Data excerpts:
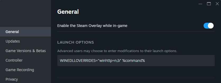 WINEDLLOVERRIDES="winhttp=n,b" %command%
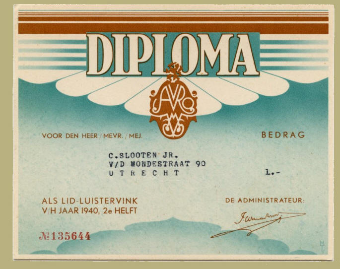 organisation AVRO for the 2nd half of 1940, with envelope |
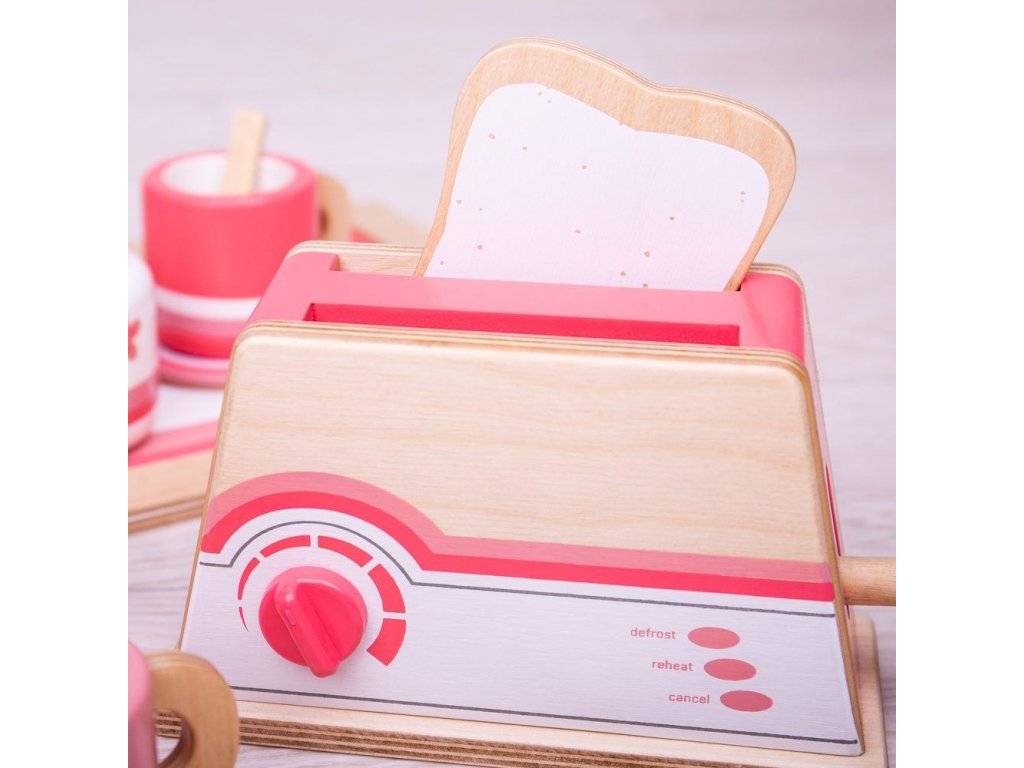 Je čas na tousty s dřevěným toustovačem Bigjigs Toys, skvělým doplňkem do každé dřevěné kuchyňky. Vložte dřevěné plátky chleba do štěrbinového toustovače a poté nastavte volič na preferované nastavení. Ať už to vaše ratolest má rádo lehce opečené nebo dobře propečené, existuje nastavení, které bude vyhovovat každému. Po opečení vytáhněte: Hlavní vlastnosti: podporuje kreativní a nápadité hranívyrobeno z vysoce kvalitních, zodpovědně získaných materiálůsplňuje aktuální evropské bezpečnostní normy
...
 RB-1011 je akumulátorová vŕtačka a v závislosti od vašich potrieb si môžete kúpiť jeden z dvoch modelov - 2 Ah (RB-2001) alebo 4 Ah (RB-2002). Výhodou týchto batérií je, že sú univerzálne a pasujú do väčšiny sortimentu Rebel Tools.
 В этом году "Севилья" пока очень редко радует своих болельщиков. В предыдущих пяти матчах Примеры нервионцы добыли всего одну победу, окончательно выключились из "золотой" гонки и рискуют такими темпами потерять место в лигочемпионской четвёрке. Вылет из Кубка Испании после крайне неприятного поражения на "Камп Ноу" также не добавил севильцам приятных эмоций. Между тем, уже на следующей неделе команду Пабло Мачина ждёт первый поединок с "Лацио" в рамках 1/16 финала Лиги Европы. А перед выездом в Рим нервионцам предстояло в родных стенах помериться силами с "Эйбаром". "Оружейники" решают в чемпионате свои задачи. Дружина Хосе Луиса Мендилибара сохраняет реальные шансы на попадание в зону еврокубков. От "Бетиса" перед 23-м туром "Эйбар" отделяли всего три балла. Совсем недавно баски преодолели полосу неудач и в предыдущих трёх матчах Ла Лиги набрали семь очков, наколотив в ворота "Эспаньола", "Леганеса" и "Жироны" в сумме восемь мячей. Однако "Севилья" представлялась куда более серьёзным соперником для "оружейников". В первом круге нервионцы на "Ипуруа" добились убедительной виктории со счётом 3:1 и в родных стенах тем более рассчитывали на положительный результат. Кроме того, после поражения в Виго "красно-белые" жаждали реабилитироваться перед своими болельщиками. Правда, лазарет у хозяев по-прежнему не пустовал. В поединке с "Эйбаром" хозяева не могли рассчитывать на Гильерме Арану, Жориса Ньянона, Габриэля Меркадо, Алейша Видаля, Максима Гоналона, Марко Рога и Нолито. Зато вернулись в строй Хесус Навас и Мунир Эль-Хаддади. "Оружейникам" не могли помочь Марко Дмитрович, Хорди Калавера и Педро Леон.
...
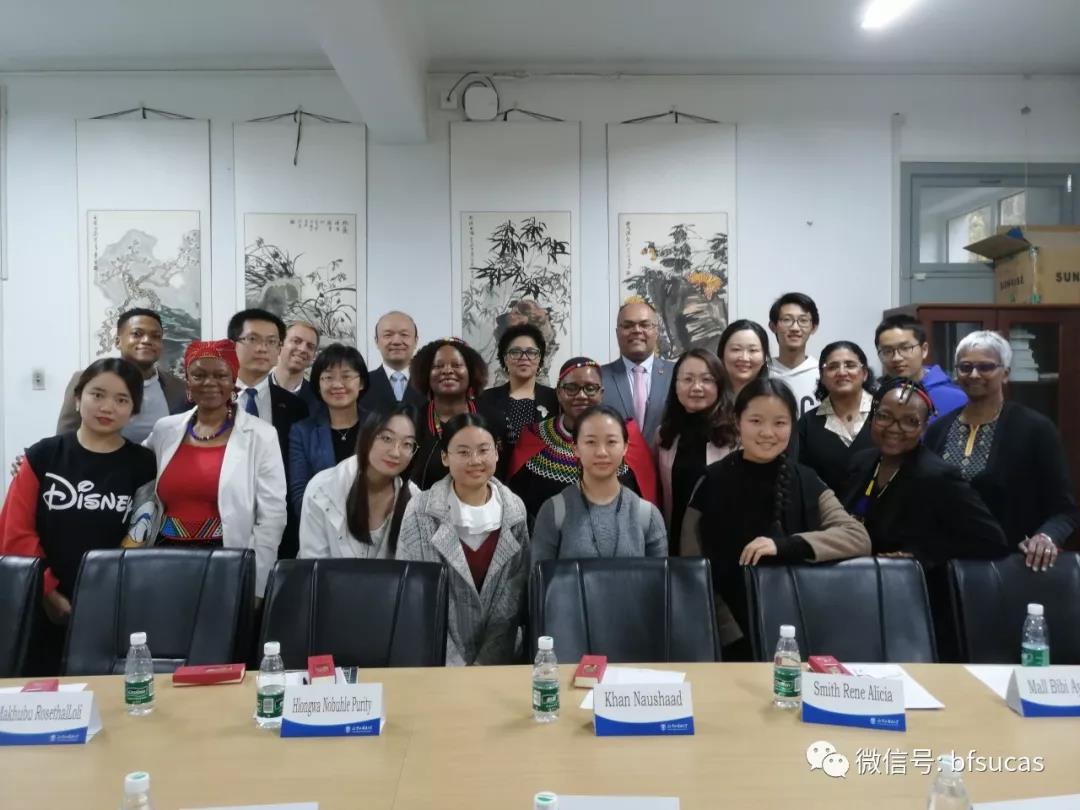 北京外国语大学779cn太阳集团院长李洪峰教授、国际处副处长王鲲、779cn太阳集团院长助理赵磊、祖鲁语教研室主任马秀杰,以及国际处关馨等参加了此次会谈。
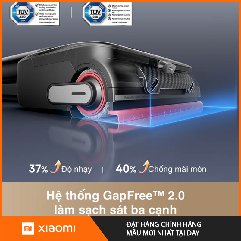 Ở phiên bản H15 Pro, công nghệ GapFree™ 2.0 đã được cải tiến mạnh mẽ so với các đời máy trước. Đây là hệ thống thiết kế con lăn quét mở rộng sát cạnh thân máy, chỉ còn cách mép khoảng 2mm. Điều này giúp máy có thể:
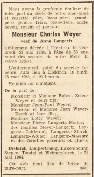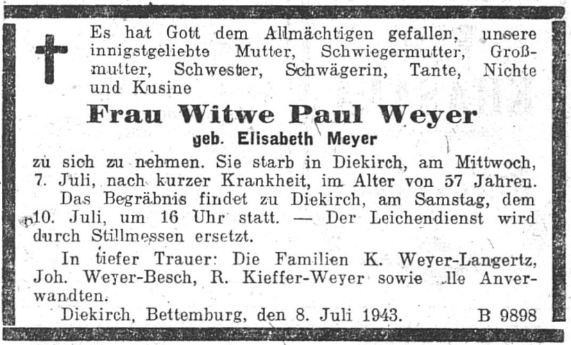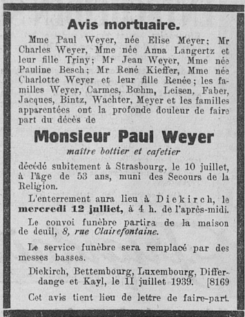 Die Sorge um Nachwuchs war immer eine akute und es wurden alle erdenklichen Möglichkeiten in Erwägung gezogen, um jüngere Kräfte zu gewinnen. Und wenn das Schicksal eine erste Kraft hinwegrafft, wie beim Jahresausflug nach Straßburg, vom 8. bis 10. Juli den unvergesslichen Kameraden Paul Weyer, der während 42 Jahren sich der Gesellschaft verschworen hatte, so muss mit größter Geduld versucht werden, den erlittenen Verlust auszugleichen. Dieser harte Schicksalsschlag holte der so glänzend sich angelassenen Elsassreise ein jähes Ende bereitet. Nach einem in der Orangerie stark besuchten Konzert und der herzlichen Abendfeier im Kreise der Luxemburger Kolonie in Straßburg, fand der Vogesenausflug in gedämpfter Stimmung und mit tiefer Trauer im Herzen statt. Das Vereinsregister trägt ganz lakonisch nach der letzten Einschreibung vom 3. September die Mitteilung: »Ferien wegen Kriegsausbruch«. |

Assignment: With the line holding "RB-1011 je akumulátorová" as the first and the line holding "В этом году" as the last, please transcribe exactly the lines of the material above in that range and nothing else.

Solution to the exercise:
 RB-1011 je akumulátorová vŕtačka a v závislosti od vašich potrieb si môžete kúpiť jeden z dvoch modelov - 2 Ah (RB-2001) alebo 4 Ah (RB-2002). Výhodou týchto batérií je, že sú univerzálne a pasujú do väčšiny sortimentu Rebel Tools.
 В этом году "Севилья" пока очень редко радует своих болельщиков. В предыдущих пяти матчах Примеры нервионцы добыли всего одну победу, окончательно выключились из "золотой" гонки и рискуют такими темпами потерять место в лигочемпионской четвёрке. Вылет из Кубка Испании после крайне неприятного поражения на "Камп Ноу" также не добавил севильцам приятных эмоций. Между тем, уже на следующей неделе команду Пабло Мачина ждёт первый поединок с "Лацио" в рамках 1/16 финала Лиги Европы. А перед выездом в Рим нервионцам предстояло в родных стенах помериться силами с "Эйбаром". "Оружейники" решают в чемпионате свои задачи. Дружина Хосе Луиса Мендилибара сохраняет реальные шансы на попадание в зону еврокубков. От "Бетиса" перед 23-м туром "Эйбар" отделяли всего три балла. Совсем недавно баски преодолели полосу неудач и в предыдущих трёх матчах Ла Лиги набрали семь очков, наколотив в ворота "Эспаньола", "Леганеса" и "Жироны" в сумме восемь мячей. Однако "Севилья" представлялась куда более серьёзным соперником для "оружейников". В первом круге нервионцы на "Ипуруа" добились убедительной виктории со счётом 3:1 и в родных стенах тем более рассчитывали на положительный результат. Кроме того, после поражения в Виго "красно-белые" жаждали реабилитироваться перед своими болельщиками. Правда, лазарет у хозяев по-прежнему не пустовал. В поединке с "Эйбаром" хозяева не могли рассчитывать на Гильерме Арану, Жориса Ньянона, Габриэля Меркадо, Алейша Видаля, Максима Гоналона, Марко Рога и Нолито. Зато вернулись в строй Хесус Навас и Мунир Эль-Хаддади. "Оружейникам" не могли помочь Марко Дмитрович, Хорди Калавера и Педро Леон.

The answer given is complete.